“We know from previous studies that nanotubes are very stiff in the axial direction, but little is known about their radial elasticity,” said Elisa Riedo of Georgia Tech, “mainly because when you’re working with tubes that small, it’s difficult to poke them without pushing them beyond the point at which they will be irremediably damaged.”

Riedo and colleagues used an atomic-force microscope (AFM) to perform modulated nano-indentation on the nanotubes. The AFM incorporated silicon nitride cantilevers with an average tip radius of 35 nm.

The team tested tubes with diameters of 0.2 - 12 nm. The nanotubes, which had a constant ratio of external:internal radius of 2.2, were grown by chemical vapour deposition using acetylene as a carbon feedstock. It’s likely that the tubes of smallest diameter were actually single-walled.

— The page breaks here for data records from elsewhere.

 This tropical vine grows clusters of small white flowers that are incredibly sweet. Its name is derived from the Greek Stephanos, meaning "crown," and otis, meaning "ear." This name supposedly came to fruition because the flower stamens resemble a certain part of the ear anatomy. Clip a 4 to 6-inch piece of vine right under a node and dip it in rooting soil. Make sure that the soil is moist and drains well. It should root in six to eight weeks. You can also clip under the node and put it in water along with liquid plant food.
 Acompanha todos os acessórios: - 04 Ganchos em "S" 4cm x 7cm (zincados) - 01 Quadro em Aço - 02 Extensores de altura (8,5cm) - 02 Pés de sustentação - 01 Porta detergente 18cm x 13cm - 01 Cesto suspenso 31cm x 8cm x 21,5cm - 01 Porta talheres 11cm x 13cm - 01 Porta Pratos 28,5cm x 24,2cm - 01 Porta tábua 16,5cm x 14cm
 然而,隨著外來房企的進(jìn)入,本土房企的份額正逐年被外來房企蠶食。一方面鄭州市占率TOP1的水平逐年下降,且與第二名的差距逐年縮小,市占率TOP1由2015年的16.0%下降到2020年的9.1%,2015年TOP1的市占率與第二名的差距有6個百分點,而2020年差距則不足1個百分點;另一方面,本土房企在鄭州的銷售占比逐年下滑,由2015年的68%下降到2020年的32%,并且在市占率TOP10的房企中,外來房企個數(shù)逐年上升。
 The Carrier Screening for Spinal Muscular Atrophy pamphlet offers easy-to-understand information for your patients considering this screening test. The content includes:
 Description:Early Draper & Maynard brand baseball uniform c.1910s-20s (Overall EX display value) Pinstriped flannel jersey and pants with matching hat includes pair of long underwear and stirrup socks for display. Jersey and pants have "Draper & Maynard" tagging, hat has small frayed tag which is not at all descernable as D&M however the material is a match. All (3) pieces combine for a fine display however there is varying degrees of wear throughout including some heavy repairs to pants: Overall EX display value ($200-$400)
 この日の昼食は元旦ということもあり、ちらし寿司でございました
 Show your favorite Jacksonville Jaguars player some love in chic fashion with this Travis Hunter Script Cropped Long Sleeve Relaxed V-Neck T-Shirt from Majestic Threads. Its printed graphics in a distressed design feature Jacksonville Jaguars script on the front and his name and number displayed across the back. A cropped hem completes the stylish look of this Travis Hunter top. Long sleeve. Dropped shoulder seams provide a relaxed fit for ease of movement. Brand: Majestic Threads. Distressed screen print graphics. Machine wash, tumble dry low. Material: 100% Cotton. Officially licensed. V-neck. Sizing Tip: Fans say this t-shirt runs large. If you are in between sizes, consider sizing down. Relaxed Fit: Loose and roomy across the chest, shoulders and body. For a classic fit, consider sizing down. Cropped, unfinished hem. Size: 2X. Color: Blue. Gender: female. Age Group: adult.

Nanotubes with a diameter of 2 nm had a radial stiffness of almost 600 GPa. But the radial stiffness for larger diameter nanotubes was much lower, decreasing to around 30 GPa for tubes with diameters of more than 4 nm. This value is similar to the Young’s modulus for graphite along its c axis, which is 36 GPa.

“We started with single-walled nanotubes and then measured tubes with an increasing number of layers, keeping the external radius twice as large as the internal radius,” said Riedo. “Our experiments show that for nanotubes with small internal radii, increasing the radii makes them softer. This means that for these tubes, the radial rigidity is controlled by the magnitude of the internal radius, whereas the number of layers plays a minor role.”

The researchers believe that knowing the radial stiffness of nanotubes is important for their application in nano-electromechanical and nano-electronic systems. For example, radial deformation of the nanotubes may affect their electrical properties.

The researchers reported their work in Physical Review Letters.